Dataset entries:
☆ ☆ ☆ ☆
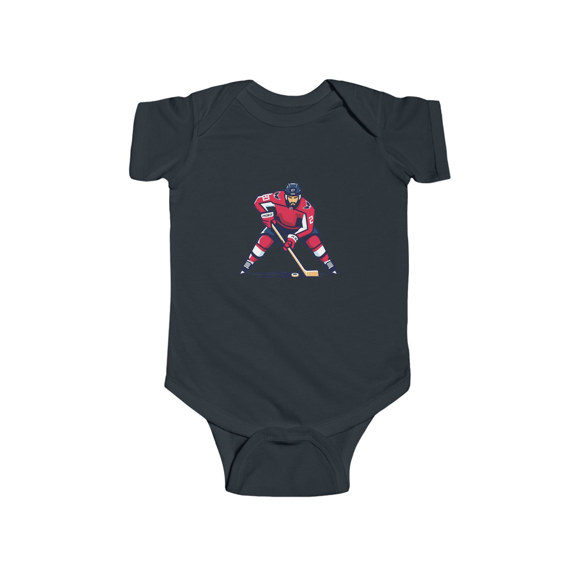 Baby clothing needs to be both durable and soft. With this Washington Capitals themed infant fine jersey bodysuit, youths get just that. The fabric is 100% cotton for solid colors. For heather colors, polyester is included. There are seams along the sides of this product. All bindings are made with ribbed knitting for improved durability. There are plastic snaps at the cross closure for easy changing access.
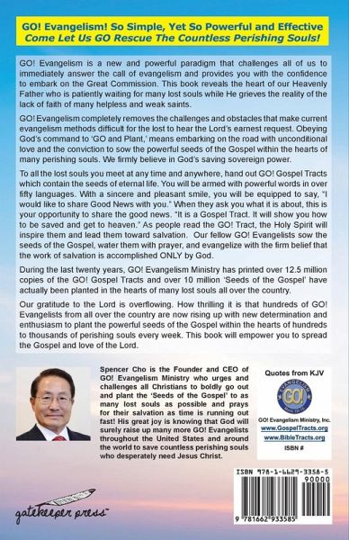 "The LORD thy God in the midst of thee is mighty; he will save, he will rejoice over thee with joy; he will rest in his love, he will joy over thee with singing" (Zephaniah 3:17 KJV). GO! Evangelism is a new paradigm that challenges all to immediately answer the evangelical call and provides the confidence to embark on the "Great Commission." This book shows the anxious heart of our Heavenly Father who laments humanity's lack of faith but also desires all believers to proselytize and plant the seeds of the gospel. "GO!" is a simple yet powerful command with profound implications. For too many souls, the gate of Hell is blocked only by the obedient, sacrificial, and God-glorifying work of evangelists. Therefore, "GO!" removes all the stumbling blocks of traditional proselytizing methods, and harkens to the Lord's request so all believers can immediately testify the gospel. Many "GO!" Evangelists experience the power of the Holy Spirit directly and embrace their transformation into amazing people of God. Spencer wants to share the abundant blessings of a prosperous Christian life with all the believers living in America. GO! Evangelism has been obedient to the Lord, entirely relying on the power of the Holy Spirit. These powerful Seeds of the Gospel are available at GO! Ministry sites: www.GospelTracts.org www.BibleTracts.org Obeying God's command to "GO! and Plant" means embarking on the road with the conviction to sow the powerful "seeds of the gospel" within hearts as we firmly believe in God's almighty sovereignty and power of salvation. Now, Spirit-filled "GO!" Evangelists full of holy zeal, joy, and enthusiasm are springing up like wildfire all over the United States. God is now saving countless lost souls through their faithful dedication and fervent love for the Lord.
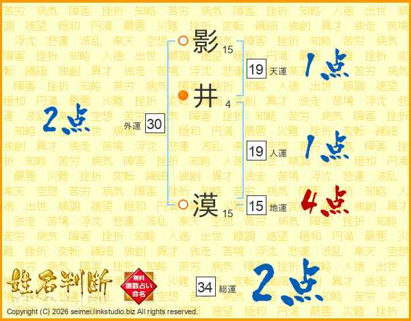 影井漠さんの総運は34画の2点!
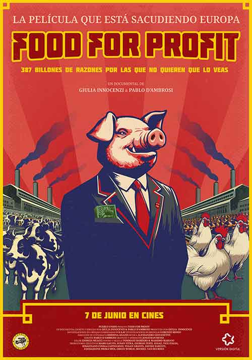 Food for Profit es la primera película documental que muestra la relación entre la industria cárnica, el lobby, y los pasillos del poder. Denuncia cómo Europa transfiere cientos de billones de los impuestos de los contribuyentes a las manos de los granjeros de ganadería intensiva, quienes maltratan a los animales, contaminan el medioambiente, y suponen un peligro potencial para futuras pandemias.
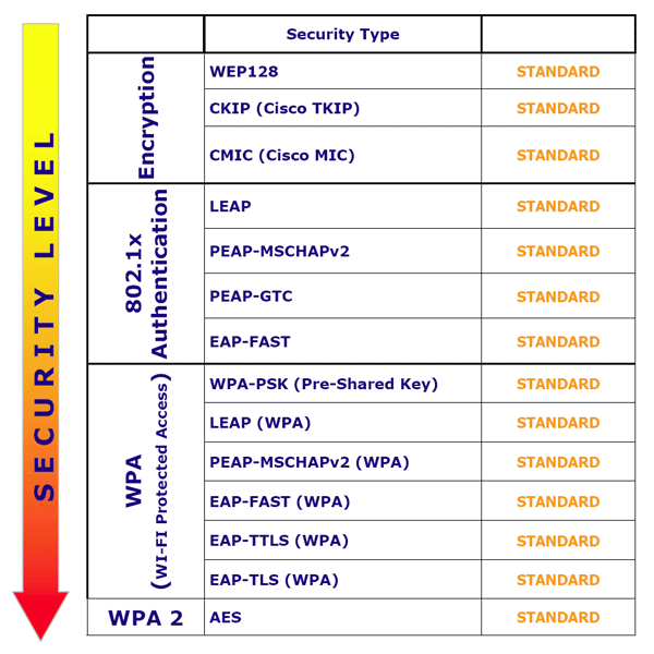 Toto jsou druhy šifrování. Věnoval jsem se jim v oddíle bezpečnosti. Rychlý závěr - snažte se používat WPA2, je nejbezpečnější.
☆ ☆ ☆ ☆
:: WHAT YOU HAVE TO DO ::
Give back exactly the lines from the one containing "Food for Profit" through the last line above, both included, and none of the pictures.

:: ANSWER SPACE ::
 Food for Profit es la primera película documental que muestra la relación entre la industria cárnica, el lobby, y los pasillos del poder. Denuncia cómo Europa transfiere cientos de billones de los impuestos de los contribuyentes a las manos de los granjeros de ganadería intensiva, quienes maltratan a los animales, contaminan el medioambiente, y suponen un peligro potencial para futuras pandemias.
 Toto jsou druhy šifrování. Věnoval jsem se jim v oddíle bezpečnosti. Rychlý závěr - snažte se používat WPA2, je nejbezpečnější.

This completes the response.